I'm really reconsidering going away now. I don't want to let anyone down and will make sure the booking is dealt with until the end, but I just don't think it's the right thing for me at the moment. Sorry


----------



## Guest

Daft question maybe!
And sure you have this sorted - BUT - out of interest I just checked the availability for tourers at BA for the weekend you guys are going! 
I put in details and it came upclearly ONE dog per pitch, maybe it is different with camping or perhaps you guys have made special arrangements but just thought I would mention.
DT


----------



## Guest

Buster's Mummy said:


> I'm really reconsidering going away now. I don't want to let anyone down and will make sure the booking is dealt with until the end, but I just don't think it's the right thing for me at the moment. Sorry


Hey! don't be daft! they need you to yield the whip


----------



## GoldenShadow

Buster's Mummy said:


> I'm really reconsidering going away now. I don't want to let anyone down and will make sure the booking is dealt with until the end, but I just don't think it's the right thing for me at the moment. Sorry


Is it to do with the topic about renaming the private section?



DoubleTrouble said:


> Daft question maybe!
> And sure you have this sorted - BUT - out of interest I just checked the availability for tourers at BA for the weekend you guys are going!
> I put in details and it came upclearly ONE dog per pitch, maybe it is different with camping or perhaps you guys have made special arrangements but just thought I would mention.
> DT


Hi DT it has all been sorted I think our lot are allowed 2 dogs per pitch but usually it is just the one!


----------



## gorgeous

When and where are you all going?


----------



## GoldenShadow

gorgeous said:


> When and where are you all going?


Billing Aquadrome (Northampton) Fri 16th Sept-Sun 18th Sept.

I think


----------



## gorgeous

OMG!!! Billing Aquadrome is down the road to where I live! Good grief.:cursing:


----------



## GoldenShadow

gorgeous said:


> OMG!!! Billing Aquadrome is down the road to where I live! Good grief.:cursing:




Unlucky


----------



## Guest

gorgeous said:


> OMG!!! Billing Aquadrome is down the road to where I live! Good grief.:cursing:


Lock up your Man Gorgeous


----------



## babycham2002

Buster's Mummy said:


> I'm really reconsidering going away now. I don't want to let anyone down and will make sure the booking is dealt with until the end, but I just don't think it's the right thing for me at the moment. Sorry


 :crying:


----------



## Guest

Buster's Mummy said:


> I'm really reconsidering going away now. I don't want to let anyone down and will make sure the booking is dealt with until the end, but I just don't think it's the right thing for me at the moment. Sorry


No-one will feel you've let them down hen, but we'd all miss you. Anyone would re-consider after all this. The booking will be there right up until the Sunday - so even if you changed your mind you could just appear. Don't put any more stress on yourself xxxxxx


----------



## gorgeous

DoubleTrouble said:


> Lock up your Man Gorgeous


Not going to tell him, he will think his luck is in lol


----------



## Guest

gorgeous said:


> Not going to tell him, he will think his luck is in lol


Hey! Why would he want beef burgers when he has fillet steak at home?


----------



## Guest

and back on topic 

I have some useful links for people on camping, and am compiling a list sometimes you just don't realise the things you may need. Lists are good and when we took Buster and Millie camping a few weeks ago we were glad of the list... sometimes it doesn't even cross your mind


----------



## Marley boy

i need a list and im not even bringing a dog lol


----------



## gorgeous

At Billing there is a fish n chip takeaway - adjoined to a petrol station.
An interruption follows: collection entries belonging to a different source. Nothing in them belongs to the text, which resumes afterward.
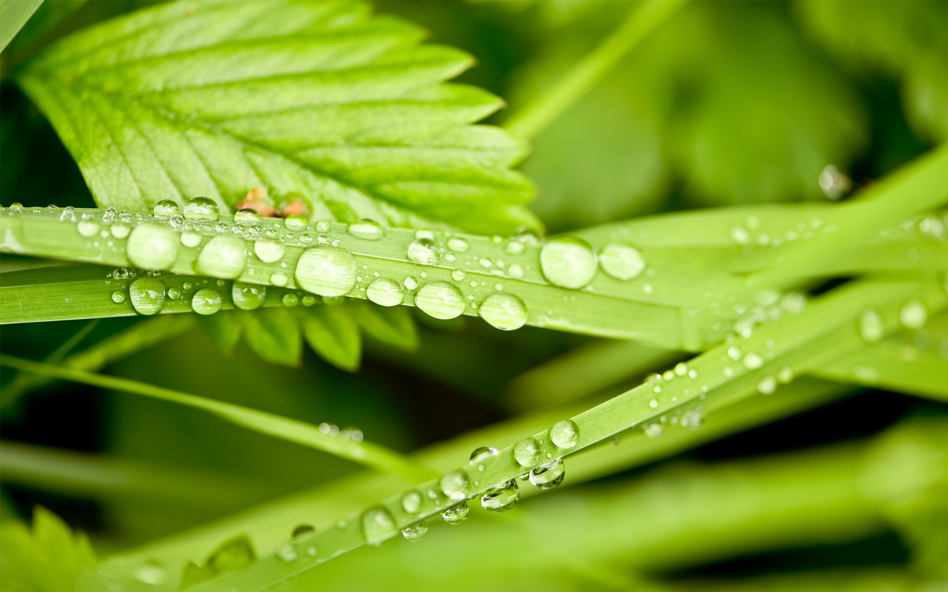 Grünes Blatt mit Tautropfen
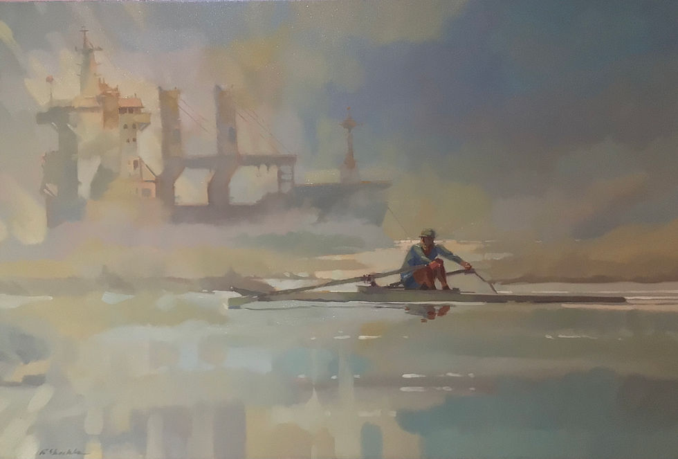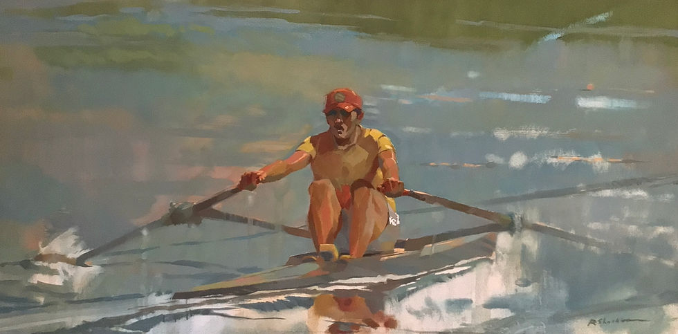 This collection of large rowing works captures the essence of rowing on a tranquil morning or in chop reflecting 40 years of experience in the sport.
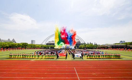 The opening ceremony featured a series of exciting sports performances. The traditional loong dance “Chinese Loong” ignited the audience’s enthusiasm with its eye-dotting ritual. Four hundred female students from the line dance showcased the unique spirit of Chinese athletes with their vibrant routine, “Game on, Champions!” The staff’s Baduanjin Qigong demonstration embodied the resilience and commanding presence of educators. The large-scale group gymnastics performance “We Create” beautifully expressed the enduring “SUES Spirit” which has developed over its 46-year history, dazzling the audience with a spectrum of light and movement.
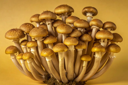 Bunch of brown shimeji mushrooms on a yellow background.
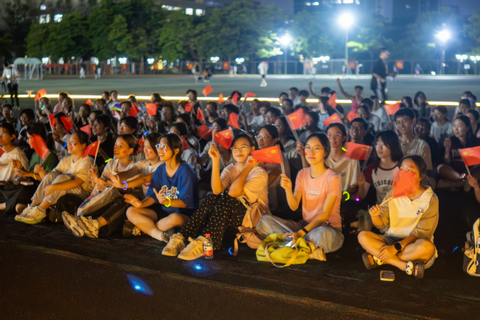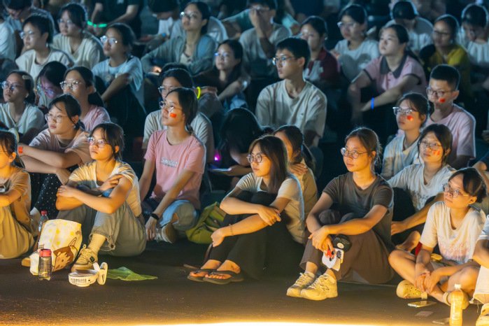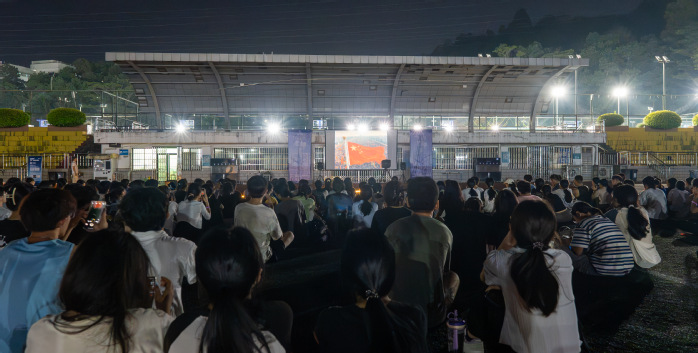 当天展映电影《我和我的祖国》在学校田径场举行,吸引了近千人观影。影片是一部深沉的充满爱国情怀之作,讲述了不同历史背景下七个触动心灵的感人故事,同学们聚精会神观影,深受感动。
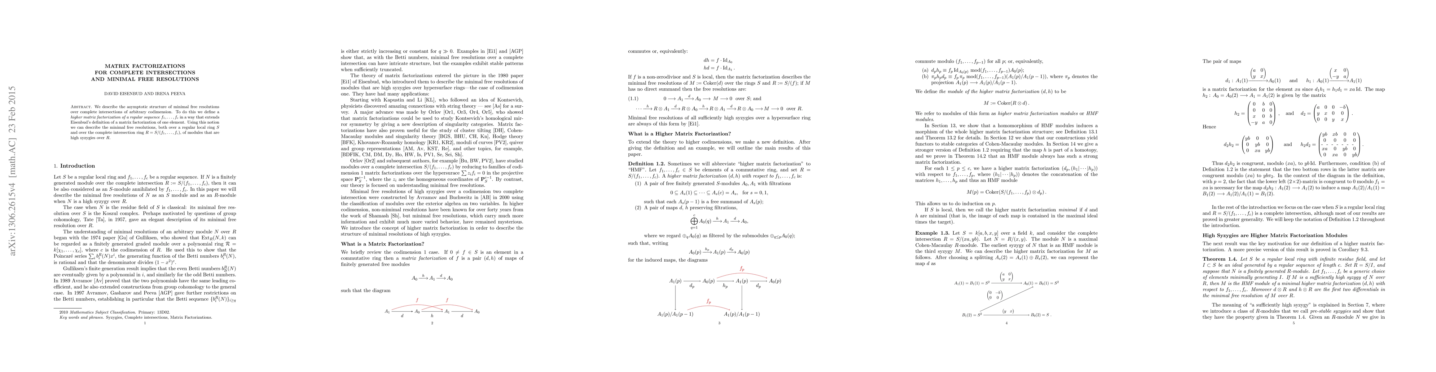 Summary: This paper introduces matrix factorizations for complete intersections to describe the asymptotic structure of minimal free resolutions. It extends the concept from hypersurfaces to more general complete intersections.
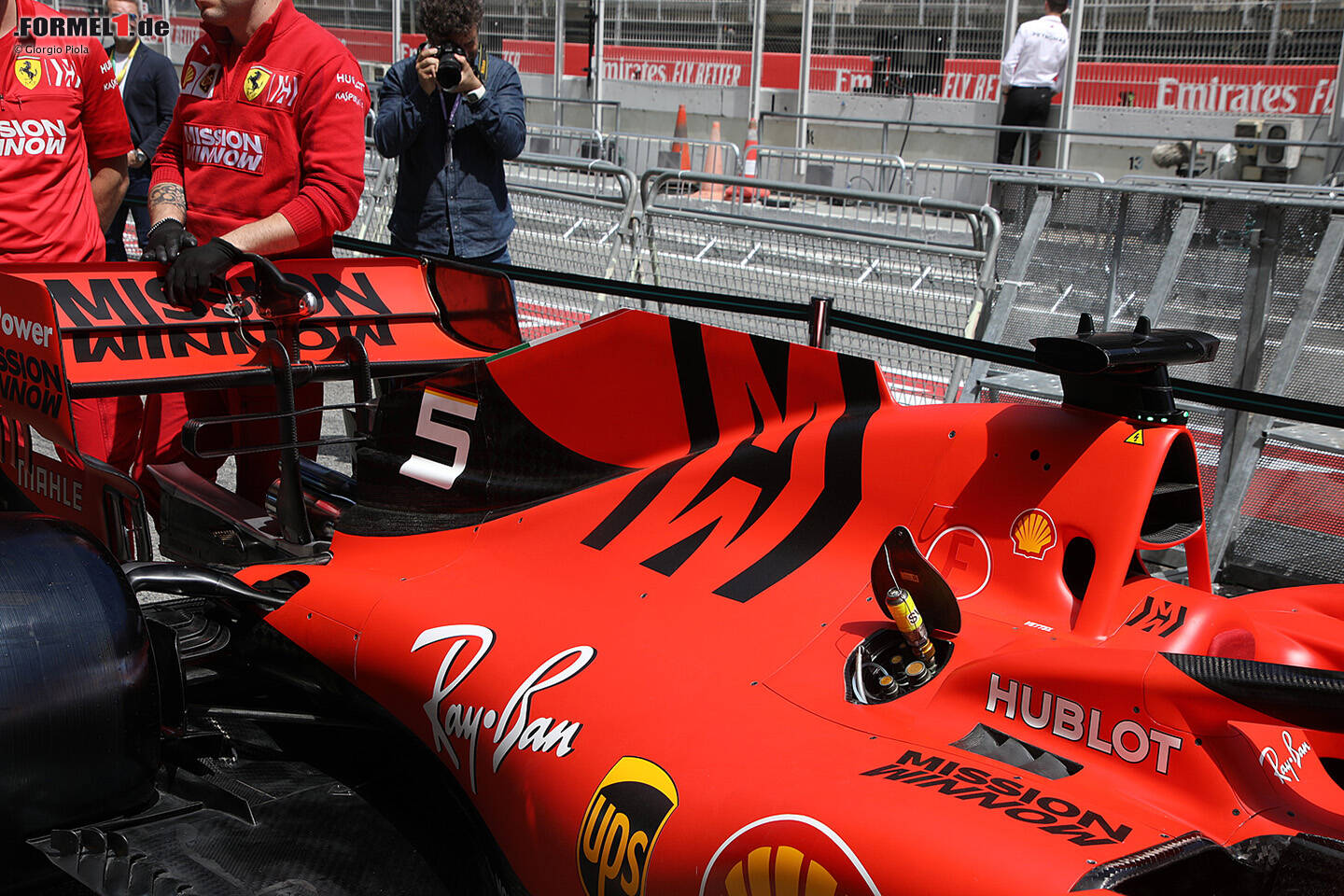 Konkurrent Ferrari setzt zum Beispiel auf eine neue Motorenabdeckung, die über eine dreieckige Aussparung direkt hinter dem Lufteinlass verfügt. Die Position legt nahe, dass Ferrari die Karosserie in diesem Bereich verengt hat. Die Finne wird verwendet, um den Luftstrom der Motorenabdeckung aufzusammeln und zu bereinigen, bevor er zum Heckflügel weitergeleitet wird.
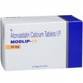 Each film coated Modlip 10 Tablet contains: Atorvastatin Calcium equivalent to Atorvastatin 10 mg and Excipients q.s.

A couple of chain pubs in walking distance too. Not bad either. CHeap booze and big portions of food for those that like to siustain themselveshmy:


----------



## gorgeous

DoubleTrouble said:


> Hey! Why would he want beef burgers when he has fillet steak at home?


That is true but he is quite partial to a Big mac


----------



## Marley boy

gorgeous said:


> At Billing there is a fish n chip takeaway - adjoined to a petrol station.
> 
> A couple of chain pubs in walking distance too. Not bad either. CHeap booze and big portions of food for those that like to siustain themselveshmy:


fish and chips! Pub! im sorted thanks for the heads up on that


----------



## hawksport

I just hope my chicks don't get too hot


----------



## Marley boy

erm yes i hope your chicks dont get too hot either :huh: (just pretending i know what your on about)


----------



## Guest

not much chance of being hot in September  I think it might rain boooo :smilewinkgrin:


----------



## Nicky10

I told the woman in the camping shop I was going in September she said I had better get a three seasons tent that could handle lower temperatures.


----------



## Guest

Nicky10 said:


> I told the woman in the camping shop I was going in September she said I had better get a three seasons tent that could handle lower temperatures.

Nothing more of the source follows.